* **Task objective**
The full listing, excluding its pictures, should be printed exactly as it stands.

* **Data excerpt**
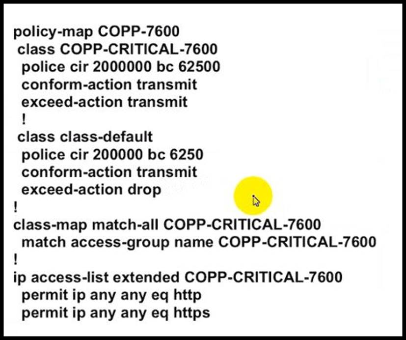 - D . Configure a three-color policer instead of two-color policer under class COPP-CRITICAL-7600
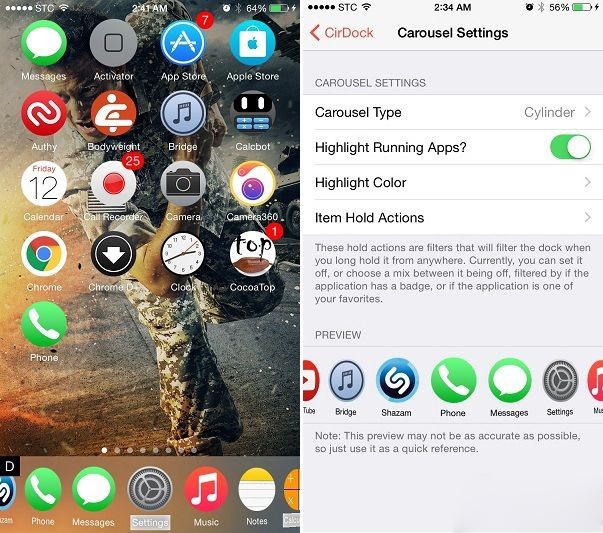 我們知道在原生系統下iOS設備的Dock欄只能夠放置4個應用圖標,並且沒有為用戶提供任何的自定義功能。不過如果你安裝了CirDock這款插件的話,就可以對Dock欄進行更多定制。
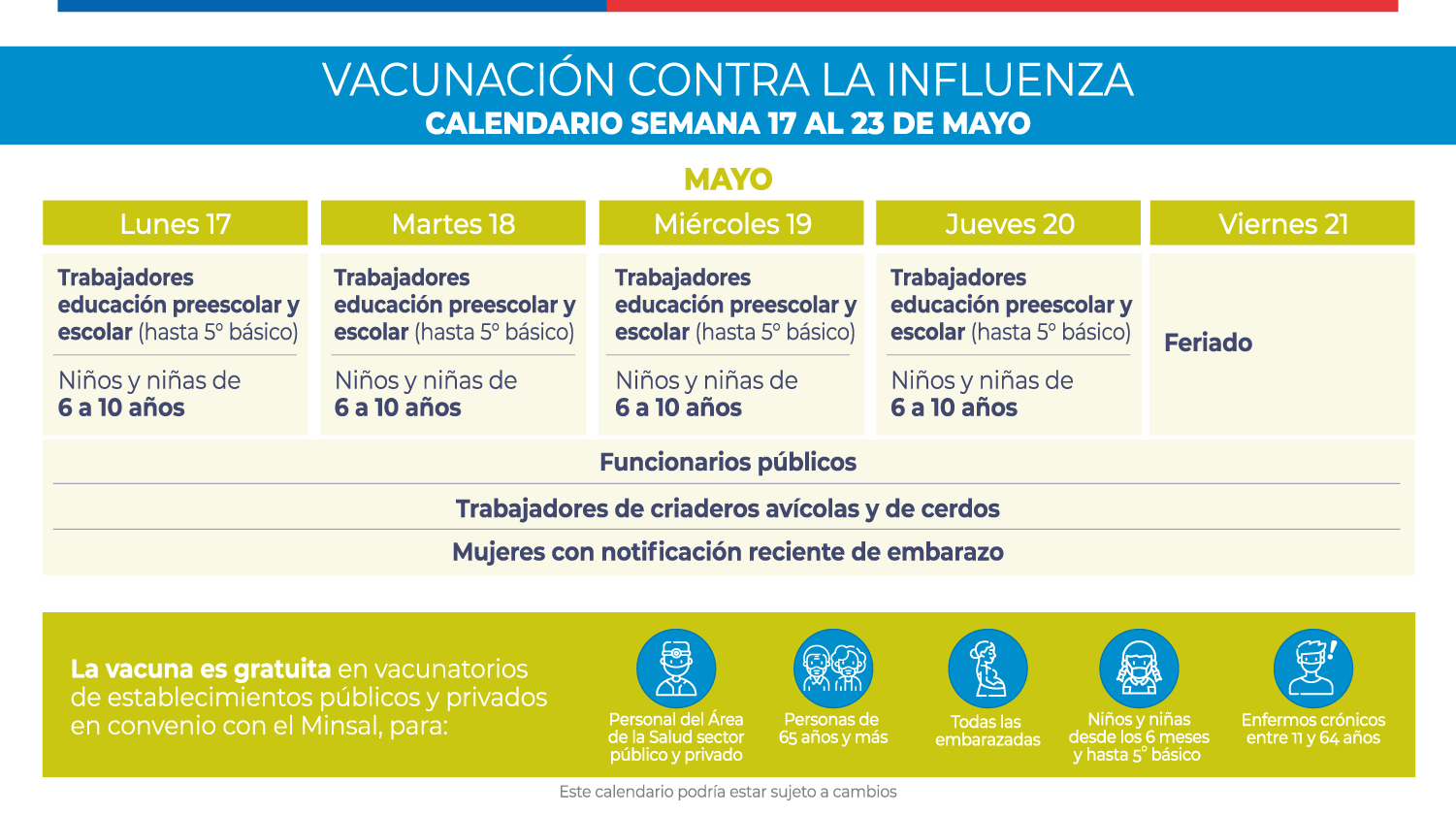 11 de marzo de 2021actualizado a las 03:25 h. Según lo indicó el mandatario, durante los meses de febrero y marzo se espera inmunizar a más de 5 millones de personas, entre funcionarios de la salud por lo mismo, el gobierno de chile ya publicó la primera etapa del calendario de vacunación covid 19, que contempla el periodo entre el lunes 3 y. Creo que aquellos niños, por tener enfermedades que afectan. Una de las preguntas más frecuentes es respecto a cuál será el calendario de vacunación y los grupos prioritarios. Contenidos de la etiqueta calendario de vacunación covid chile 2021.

* **Completed task**
 - D . Configure a three-color policer instead of two-color policer under class COPP-CRITICAL-7600
 我們知道在原生系統下iOS設備的Dock欄只能夠放置4個應用圖標,並且沒有為用戶提供任何的自定義功能。不過如果你安裝了CirDock這款插件的話,就可以對Dock欄進行更多定制。
 11 de marzo de 2021actualizado a las 03:25 h. Según lo indicó el mandatario, durante los meses de febrero y marzo se espera inmunizar a más de 5 millones de personas, entre funcionarios de la salud por lo mismo, el gobierno de chile ya publicó la primera etapa del calendario de vacunación covid 19, que contempla el periodo entre el lunes 3 y. Creo que aquellos niños, por tener enfermedades que afectan. Una de las preguntas más frecuentes es respecto a cuál será el calendario de vacunación y los grupos prioritarios. Contenidos de la etiqueta calendario de vacunación covid chile 2021.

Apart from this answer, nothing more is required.